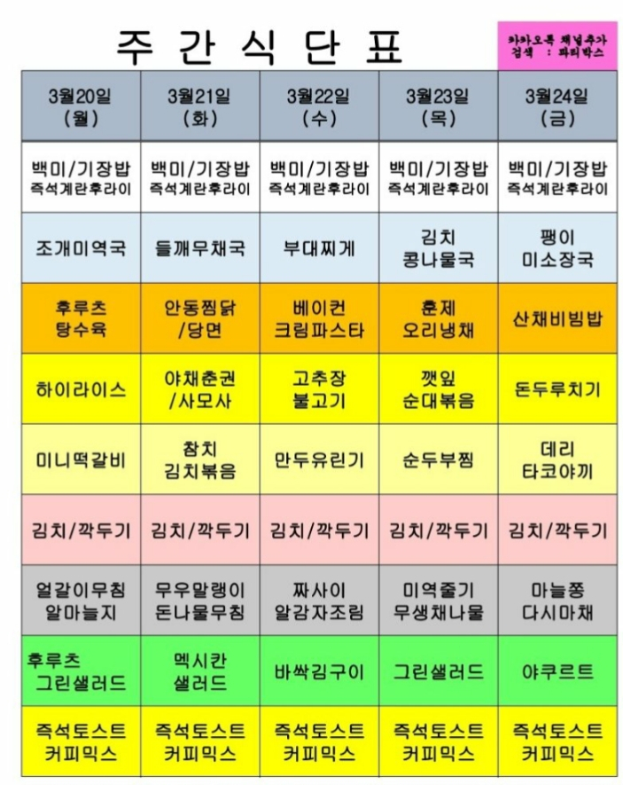 | 센텀시티 구내식당 식단표 [3월 13일 - 3월 17일] 주간 (0) | 2023.03.13 |
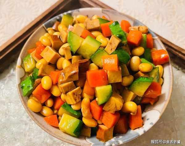 2取豆幹、黃瓜、胡蘿卜洗凈切丁。熱鍋冷油,先下入胡蘿卜丁煸炒出香味,再倒入黃豆炒制,加入生抽提鮮,再放入黃瓜、豆幹,擠入蠔油翻炒均勻,出鍋前淋入香油即可。
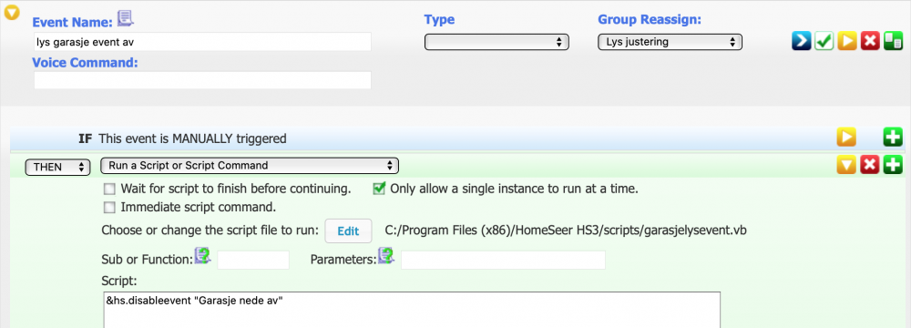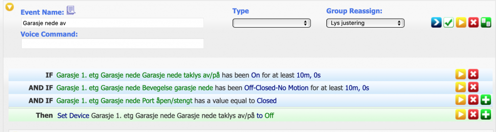 Hei, I garasjen har jeg magnetsensor på port, dør samt en bevegelsessensor. Her har jeg et velfungerende event, som slår av taklys når ingenting har skjedd på sensorene. Problemer er at den ikke "ser" meg under bilen, hvis jeg holder på der Tenkte å lage noen "knapper" i HSTouch og eventuelt en "Fibaro buttons" plassert i garasjen, som slår av eventen. Forsøkt meg med en event, som jeg da kan starte, som slår av auto-av på lyset. Her stoppet script-kunnskapen min. Trodde jeg kunne legge inn: &hs.disableevent "Garasjel lys av" Men det fungerte ikke.. Ønsker samtidig å se om eventen "Garasje nede av" er aktiv eller ikke i HSTouch. Er det mulig?
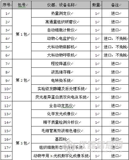 中國農科院特產研究所2013年專項資金儀器設備購置項目7月底公示
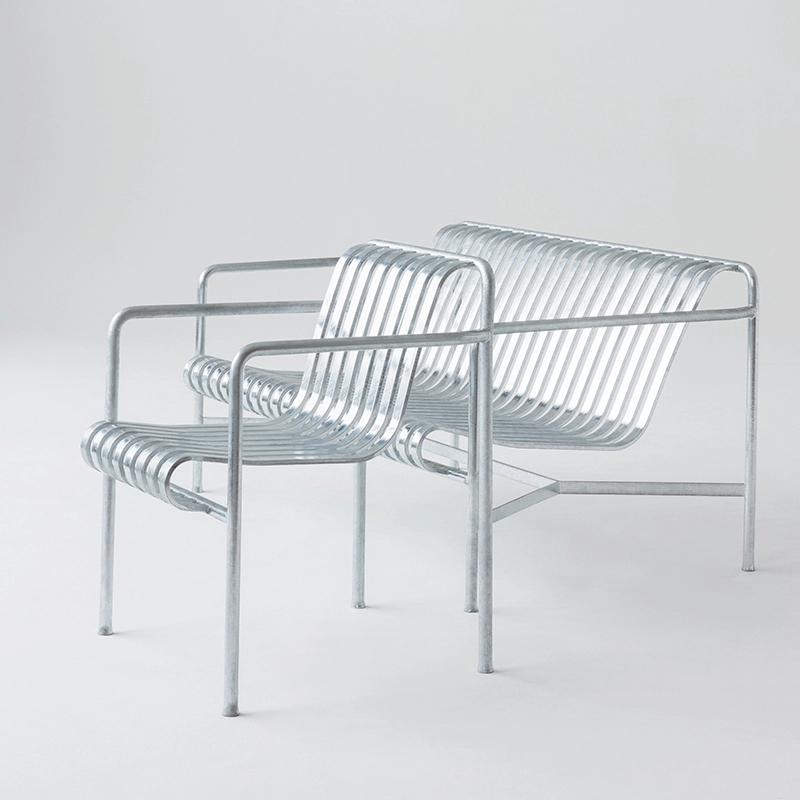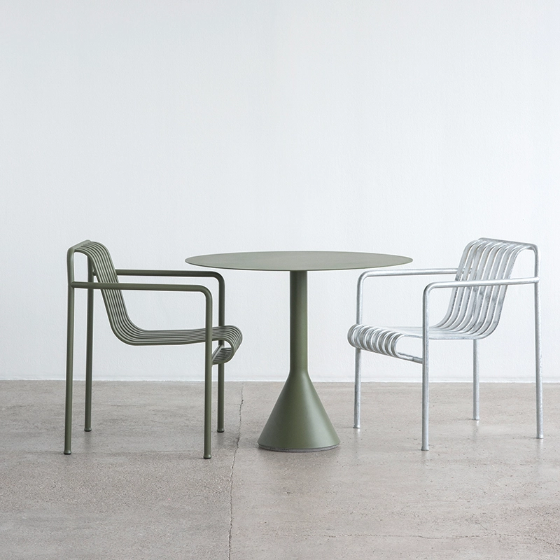 Palissade est une collection de mobilier d'extérieur dessinée par Ronan et Erwan Bouroullec pour la marque Hay. La série est composée d'une large gamme de mobilier, dans laquelle toutes les pièces partagent le même principe de conception. Elle comprend des chaises, petits fauteuils, fauteuils lounge, tabourets, tables et bancs. Spécialement conçues pour un usage extérieur, ces pièces sont visuellement légères mais robustes dans leur réalisation. Inspirée par des meubles classiques, la collection trouve son originalité dans les détails. Bien que conçus en acier, ces meubles outdoor sont confortables simplement grâce à leur design. Chaque pièce est disponible en vert olive, gris clair ou anthracite et s'intègre très bien dans un environnement naturel ou urbain. Avec Palissade, les frères Bouroullec ont imaginé une collection de mobilier outdoor durable qui s'associe facilement à tous les styles : un futur Classique du design !

§ **Activity**: Everything in the entries except the pictures should be returned exactly as given.

§ **Finished task**:
 | 센텀시티 구내식당 식단표 [3월 13일 - 3월 17일] 주간 (0) | 2023.03.13 |
 2取豆幹、黃瓜、胡蘿卜洗凈切丁。熱鍋冷油,先下入胡蘿卜丁煸炒出香味,再倒入黃豆炒制,加入生抽提鮮,再放入黃瓜、豆幹,擠入蠔油翻炒均勻,出鍋前淋入香油即可。
 Hei, I garasjen har jeg magnetsensor på port, dør samt en bevegelsessensor. Her har jeg et velfungerende event, som slår av taklys når ingenting har skjedd på sensorene. Problemer er at den ikke "ser" meg under bilen, hvis jeg holder på der Tenkte å lage noen "knapper" i HSTouch og eventuelt en "Fibaro buttons" plassert i garasjen, som slår av eventen. Forsøkt meg med en event, som jeg da kan starte, som slår av auto-av på lyset. Her stoppet script-kunnskapen min. Trodde jeg kunne legge inn: &hs.disableevent "Garasjel lys av" Men det fungerte ikke.. Ønsker samtidig å se om eventen "Garasje nede av" er aktiv eller ikke i HSTouch. Er det mulig?
 中國農科院特產研究所2013年專項資金儀器設備購置項目7月底公示
 Palissade est une collection de mobilier d'extérieur dessinée par Ronan et Erwan Bouroullec pour la marque Hay. La série est composée d'une large gamme de mobilier, dans laquelle toutes les pièces partagent le même principe de conception. Elle comprend des chaises, petits fauteuils, fauteuils lounge, tabourets, tables et bancs. Spécialement conçues pour un usage extérieur, ces pièces sont visuellement légères mais robustes dans leur réalisation. Inspirée par des meubles classiques, la collection trouve son originalité dans les détails. Bien que conçus en acier, ces meubles outdoor sont confortables simplement grâce à leur design. Chaque pièce est disponible en vert olive, gris clair ou anthracite et s'intègre très bien dans un environnement naturel ou urbain. Avec Palissade, les frères Bouroullec ont imaginé une collection de mobilier outdoor durable qui s'associe facilement à tous les styles : un futur Classique du design !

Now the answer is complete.